• What you are asked to do
The answer is the full listing below, copied exactly, with its pictures omitted.

• Input data
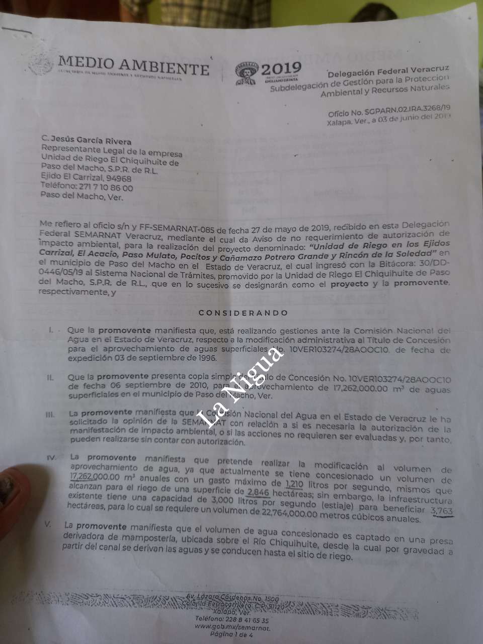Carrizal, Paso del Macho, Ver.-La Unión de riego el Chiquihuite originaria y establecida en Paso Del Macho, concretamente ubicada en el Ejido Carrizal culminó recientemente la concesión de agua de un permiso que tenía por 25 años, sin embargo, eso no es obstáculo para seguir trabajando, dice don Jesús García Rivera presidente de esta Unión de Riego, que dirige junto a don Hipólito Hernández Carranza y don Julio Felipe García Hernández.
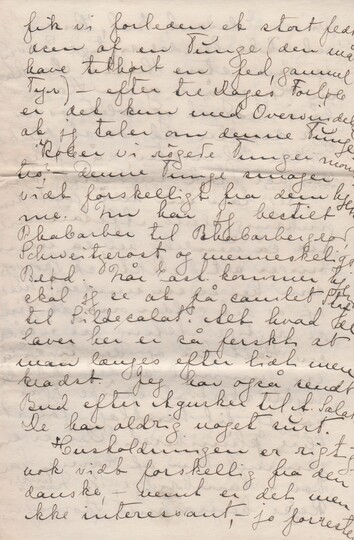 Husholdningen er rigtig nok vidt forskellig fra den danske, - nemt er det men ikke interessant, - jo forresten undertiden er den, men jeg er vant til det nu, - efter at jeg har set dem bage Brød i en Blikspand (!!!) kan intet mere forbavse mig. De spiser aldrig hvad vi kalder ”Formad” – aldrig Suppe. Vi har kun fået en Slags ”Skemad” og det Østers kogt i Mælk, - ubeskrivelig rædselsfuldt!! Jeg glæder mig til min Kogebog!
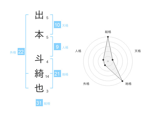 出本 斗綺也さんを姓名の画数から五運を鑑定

• Your response
Carrizal, Paso del Macho, Ver.-La Unión de riego el Chiquihuite originaria y establecida en Paso Del Macho, concretamente ubicada en el Ejido Carrizal culminó recientemente la concesión de agua de un permiso que tenía por 25 años, sin embargo, eso no es obstáculo para seguir trabajando, dice don Jesús García Rivera presidente de esta Unión de Riego, que dirige junto a don Hipólito Hernández Carranza y don Julio Felipe García Hernández.
 Husholdningen er rigtig nok vidt forskellig fra den danske, - nemt er det men ikke interessant, - jo forresten undertiden er den, men jeg er vant til det nu, - efter at jeg har set dem bage Brød i en Blikspand (!!!) kan intet mere forbavse mig. De spiser aldrig hvad vi kalder ”Formad” – aldrig Suppe. Vi har kun fået en Slags ”Skemad” og det Østers kogt i Mælk, - ubeskrivelig rædselsfuldt!! Jeg glæder mig til min Kogebog!
 出本 斗綺也さんを姓名の画数から五運を鑑定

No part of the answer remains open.